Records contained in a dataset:
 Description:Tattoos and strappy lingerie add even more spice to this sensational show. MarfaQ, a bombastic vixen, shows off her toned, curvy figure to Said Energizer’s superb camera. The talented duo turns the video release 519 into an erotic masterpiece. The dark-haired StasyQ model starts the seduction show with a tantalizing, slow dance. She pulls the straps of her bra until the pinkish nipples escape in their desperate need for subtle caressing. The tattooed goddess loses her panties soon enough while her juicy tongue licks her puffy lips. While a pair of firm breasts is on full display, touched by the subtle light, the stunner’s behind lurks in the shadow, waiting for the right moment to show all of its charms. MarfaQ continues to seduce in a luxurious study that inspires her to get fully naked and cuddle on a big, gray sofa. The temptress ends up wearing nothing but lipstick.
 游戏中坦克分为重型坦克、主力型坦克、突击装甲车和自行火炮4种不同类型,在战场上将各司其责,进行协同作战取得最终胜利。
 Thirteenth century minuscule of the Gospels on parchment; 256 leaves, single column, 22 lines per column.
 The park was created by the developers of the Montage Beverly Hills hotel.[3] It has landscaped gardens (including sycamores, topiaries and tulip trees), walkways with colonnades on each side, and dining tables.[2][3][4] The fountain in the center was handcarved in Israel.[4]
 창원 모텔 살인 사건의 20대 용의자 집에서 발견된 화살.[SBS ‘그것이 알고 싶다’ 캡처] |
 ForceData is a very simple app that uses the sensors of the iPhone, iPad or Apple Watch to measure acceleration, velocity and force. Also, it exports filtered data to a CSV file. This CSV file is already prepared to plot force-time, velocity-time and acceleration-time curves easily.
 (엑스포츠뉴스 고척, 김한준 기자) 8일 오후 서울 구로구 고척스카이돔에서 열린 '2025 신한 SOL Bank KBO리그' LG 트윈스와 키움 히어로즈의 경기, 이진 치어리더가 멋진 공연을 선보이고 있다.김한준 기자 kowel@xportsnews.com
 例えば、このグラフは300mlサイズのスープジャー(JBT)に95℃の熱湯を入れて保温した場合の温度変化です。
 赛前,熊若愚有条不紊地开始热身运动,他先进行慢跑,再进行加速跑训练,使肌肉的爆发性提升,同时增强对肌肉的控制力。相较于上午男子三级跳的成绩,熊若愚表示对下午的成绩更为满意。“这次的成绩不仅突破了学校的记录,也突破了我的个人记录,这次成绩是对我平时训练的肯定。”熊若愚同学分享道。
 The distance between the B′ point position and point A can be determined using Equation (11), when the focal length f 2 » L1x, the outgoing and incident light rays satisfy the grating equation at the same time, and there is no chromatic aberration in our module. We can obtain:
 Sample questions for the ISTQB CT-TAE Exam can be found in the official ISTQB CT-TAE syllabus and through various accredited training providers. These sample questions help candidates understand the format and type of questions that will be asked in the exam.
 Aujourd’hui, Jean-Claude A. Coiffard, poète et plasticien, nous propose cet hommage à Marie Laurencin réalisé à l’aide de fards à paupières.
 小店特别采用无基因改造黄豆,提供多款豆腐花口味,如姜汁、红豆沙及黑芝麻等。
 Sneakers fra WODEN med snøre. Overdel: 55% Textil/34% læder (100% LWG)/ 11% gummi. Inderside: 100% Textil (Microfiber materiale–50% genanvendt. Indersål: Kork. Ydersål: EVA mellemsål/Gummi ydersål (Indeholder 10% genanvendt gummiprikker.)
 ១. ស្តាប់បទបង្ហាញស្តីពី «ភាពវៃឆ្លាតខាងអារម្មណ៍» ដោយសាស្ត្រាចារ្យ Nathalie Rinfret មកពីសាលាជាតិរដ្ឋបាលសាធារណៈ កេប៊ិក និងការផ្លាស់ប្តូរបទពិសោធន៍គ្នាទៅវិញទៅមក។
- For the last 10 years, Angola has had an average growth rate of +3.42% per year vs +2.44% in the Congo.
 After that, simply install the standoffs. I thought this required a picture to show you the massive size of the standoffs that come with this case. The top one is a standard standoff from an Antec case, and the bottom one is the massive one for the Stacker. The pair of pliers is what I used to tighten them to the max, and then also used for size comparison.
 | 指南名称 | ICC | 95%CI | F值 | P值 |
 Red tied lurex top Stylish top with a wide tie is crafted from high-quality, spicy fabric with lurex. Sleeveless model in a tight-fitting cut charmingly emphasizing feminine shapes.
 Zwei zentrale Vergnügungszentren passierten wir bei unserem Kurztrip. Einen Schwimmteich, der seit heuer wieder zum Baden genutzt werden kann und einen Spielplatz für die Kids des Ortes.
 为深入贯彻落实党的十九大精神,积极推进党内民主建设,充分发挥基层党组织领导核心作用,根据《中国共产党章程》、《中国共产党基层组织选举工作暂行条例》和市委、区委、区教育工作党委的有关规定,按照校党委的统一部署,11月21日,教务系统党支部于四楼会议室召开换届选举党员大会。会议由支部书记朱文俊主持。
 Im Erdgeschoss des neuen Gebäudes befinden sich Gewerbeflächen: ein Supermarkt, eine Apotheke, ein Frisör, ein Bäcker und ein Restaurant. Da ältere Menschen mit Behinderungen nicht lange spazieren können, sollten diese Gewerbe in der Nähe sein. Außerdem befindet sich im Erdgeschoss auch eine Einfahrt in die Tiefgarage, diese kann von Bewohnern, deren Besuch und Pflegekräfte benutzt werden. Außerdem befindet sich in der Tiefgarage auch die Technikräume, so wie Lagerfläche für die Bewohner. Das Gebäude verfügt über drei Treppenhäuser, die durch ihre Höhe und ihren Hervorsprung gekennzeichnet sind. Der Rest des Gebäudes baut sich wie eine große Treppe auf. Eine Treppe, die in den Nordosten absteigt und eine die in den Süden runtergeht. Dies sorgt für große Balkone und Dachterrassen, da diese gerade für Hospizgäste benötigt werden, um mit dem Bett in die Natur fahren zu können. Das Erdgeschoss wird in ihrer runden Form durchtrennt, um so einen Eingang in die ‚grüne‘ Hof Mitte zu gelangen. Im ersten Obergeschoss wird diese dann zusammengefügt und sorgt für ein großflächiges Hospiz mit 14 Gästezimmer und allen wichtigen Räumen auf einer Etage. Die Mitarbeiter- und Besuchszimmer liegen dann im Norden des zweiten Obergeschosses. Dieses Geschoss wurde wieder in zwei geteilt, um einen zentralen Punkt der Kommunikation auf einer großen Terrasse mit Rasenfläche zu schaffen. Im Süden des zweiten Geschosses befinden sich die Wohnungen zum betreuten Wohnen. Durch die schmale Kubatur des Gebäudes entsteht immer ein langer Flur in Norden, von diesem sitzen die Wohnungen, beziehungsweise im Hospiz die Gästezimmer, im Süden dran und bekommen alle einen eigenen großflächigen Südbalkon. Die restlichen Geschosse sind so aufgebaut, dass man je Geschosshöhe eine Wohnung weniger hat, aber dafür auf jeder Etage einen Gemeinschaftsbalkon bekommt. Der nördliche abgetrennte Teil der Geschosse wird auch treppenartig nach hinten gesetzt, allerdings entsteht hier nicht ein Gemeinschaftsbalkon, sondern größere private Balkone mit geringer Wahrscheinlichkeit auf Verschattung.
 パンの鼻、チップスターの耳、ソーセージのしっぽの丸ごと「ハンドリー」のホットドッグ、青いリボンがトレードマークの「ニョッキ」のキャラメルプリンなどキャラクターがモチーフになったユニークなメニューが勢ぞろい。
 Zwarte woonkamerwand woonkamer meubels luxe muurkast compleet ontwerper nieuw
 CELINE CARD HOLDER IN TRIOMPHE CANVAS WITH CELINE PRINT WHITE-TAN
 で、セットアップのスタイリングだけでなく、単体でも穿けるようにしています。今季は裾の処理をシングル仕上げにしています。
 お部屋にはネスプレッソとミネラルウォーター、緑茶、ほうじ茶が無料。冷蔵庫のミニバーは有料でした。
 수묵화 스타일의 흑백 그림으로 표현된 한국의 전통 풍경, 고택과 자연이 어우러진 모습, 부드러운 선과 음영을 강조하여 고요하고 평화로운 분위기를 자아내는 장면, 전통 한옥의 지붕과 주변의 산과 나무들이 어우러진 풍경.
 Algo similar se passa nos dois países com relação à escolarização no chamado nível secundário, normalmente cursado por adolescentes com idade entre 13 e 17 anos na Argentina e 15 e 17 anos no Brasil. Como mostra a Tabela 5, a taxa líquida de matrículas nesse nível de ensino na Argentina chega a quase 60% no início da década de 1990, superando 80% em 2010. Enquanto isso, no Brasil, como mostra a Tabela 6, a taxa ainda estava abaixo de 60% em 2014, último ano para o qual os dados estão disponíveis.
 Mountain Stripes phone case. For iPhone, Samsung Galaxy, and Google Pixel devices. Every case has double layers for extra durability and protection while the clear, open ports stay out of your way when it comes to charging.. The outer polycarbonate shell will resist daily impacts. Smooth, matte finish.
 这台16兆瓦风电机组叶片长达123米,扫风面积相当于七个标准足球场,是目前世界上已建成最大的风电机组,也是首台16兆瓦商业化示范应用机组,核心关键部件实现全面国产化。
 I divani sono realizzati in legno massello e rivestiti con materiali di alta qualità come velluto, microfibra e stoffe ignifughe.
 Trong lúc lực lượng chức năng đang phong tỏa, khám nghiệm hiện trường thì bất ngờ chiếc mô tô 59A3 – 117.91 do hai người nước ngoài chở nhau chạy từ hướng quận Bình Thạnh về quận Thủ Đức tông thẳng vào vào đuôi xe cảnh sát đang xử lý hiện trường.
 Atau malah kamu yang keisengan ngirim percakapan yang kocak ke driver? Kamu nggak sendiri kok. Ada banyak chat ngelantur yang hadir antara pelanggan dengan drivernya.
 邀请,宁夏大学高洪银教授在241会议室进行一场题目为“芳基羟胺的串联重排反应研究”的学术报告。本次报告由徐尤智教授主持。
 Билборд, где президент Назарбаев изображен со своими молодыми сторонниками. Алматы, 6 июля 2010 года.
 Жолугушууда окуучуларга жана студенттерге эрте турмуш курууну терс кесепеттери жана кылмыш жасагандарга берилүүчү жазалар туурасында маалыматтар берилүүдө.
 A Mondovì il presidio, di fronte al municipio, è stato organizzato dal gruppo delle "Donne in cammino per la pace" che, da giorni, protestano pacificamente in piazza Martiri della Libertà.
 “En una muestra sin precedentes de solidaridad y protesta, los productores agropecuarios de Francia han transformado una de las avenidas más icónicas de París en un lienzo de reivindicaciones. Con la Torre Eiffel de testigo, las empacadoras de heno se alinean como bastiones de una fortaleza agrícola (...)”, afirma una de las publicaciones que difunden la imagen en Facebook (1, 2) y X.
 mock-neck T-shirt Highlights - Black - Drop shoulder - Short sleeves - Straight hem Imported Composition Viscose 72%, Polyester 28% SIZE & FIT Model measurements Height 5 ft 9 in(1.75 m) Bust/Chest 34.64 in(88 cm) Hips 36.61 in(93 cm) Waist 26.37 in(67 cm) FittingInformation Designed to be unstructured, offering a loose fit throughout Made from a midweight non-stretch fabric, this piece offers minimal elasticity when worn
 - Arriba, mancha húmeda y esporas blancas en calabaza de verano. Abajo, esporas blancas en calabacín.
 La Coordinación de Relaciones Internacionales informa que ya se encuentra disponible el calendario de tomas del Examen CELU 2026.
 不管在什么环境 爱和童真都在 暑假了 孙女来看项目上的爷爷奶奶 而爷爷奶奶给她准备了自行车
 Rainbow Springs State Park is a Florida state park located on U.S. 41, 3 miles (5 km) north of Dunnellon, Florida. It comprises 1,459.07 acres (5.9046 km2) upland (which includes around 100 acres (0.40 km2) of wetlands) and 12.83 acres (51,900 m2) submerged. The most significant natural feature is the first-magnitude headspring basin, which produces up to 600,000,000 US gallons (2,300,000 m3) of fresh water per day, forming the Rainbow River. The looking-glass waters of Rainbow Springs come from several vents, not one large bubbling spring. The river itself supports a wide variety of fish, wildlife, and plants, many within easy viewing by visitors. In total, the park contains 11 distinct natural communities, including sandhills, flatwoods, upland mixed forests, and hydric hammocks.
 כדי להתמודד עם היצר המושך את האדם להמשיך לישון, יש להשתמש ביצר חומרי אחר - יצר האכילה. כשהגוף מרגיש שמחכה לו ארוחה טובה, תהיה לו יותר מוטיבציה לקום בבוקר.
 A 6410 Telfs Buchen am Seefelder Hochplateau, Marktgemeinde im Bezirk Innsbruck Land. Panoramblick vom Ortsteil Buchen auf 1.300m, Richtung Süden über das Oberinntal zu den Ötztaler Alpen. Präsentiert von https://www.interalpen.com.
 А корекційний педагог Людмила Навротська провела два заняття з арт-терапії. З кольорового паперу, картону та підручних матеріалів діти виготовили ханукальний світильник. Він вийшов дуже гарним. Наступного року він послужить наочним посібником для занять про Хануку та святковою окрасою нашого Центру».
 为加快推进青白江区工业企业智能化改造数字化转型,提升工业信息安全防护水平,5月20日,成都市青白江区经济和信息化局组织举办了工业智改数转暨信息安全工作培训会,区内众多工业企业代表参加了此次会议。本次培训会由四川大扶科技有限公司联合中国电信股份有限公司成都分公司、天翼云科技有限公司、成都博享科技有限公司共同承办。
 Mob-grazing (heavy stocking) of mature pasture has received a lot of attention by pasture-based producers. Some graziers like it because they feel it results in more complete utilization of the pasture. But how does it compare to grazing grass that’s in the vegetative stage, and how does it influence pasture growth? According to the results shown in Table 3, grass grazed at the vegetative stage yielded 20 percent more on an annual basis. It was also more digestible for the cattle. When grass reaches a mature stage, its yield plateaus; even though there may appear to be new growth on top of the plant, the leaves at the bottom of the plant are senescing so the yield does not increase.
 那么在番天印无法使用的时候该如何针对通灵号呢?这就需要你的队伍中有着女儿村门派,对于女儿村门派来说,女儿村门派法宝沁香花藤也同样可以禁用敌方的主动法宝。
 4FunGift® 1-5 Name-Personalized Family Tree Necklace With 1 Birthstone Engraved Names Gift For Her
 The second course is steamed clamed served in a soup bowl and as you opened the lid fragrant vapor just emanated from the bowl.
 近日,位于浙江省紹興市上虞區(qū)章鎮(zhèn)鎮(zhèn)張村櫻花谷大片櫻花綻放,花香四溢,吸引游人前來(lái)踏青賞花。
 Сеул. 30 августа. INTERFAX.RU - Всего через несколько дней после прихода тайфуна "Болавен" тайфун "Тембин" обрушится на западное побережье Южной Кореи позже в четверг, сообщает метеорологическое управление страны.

## [What to do]
Your answer should consist of the lines above that hold the word "iPhone", copied exactly.

## [Result for this task]
 ForceData is a very simple app that uses the sensors of the iPhone, iPad or Apple Watch to measure acceleration, velocity and force. Also, it exports filtered data to a CSV file. This CSV file is already prepared to plot force-time, velocity-time and acceleration-time curves easily.
 Mountain Stripes phone case. For iPhone, Samsung Galaxy, and Google Pixel devices. Every case has double layers for extra durability and protection while the clear, open ports stay out of your way when it comes to charging.. The outer polycarbonate shell will resist daily impacts. Smooth, matte finish.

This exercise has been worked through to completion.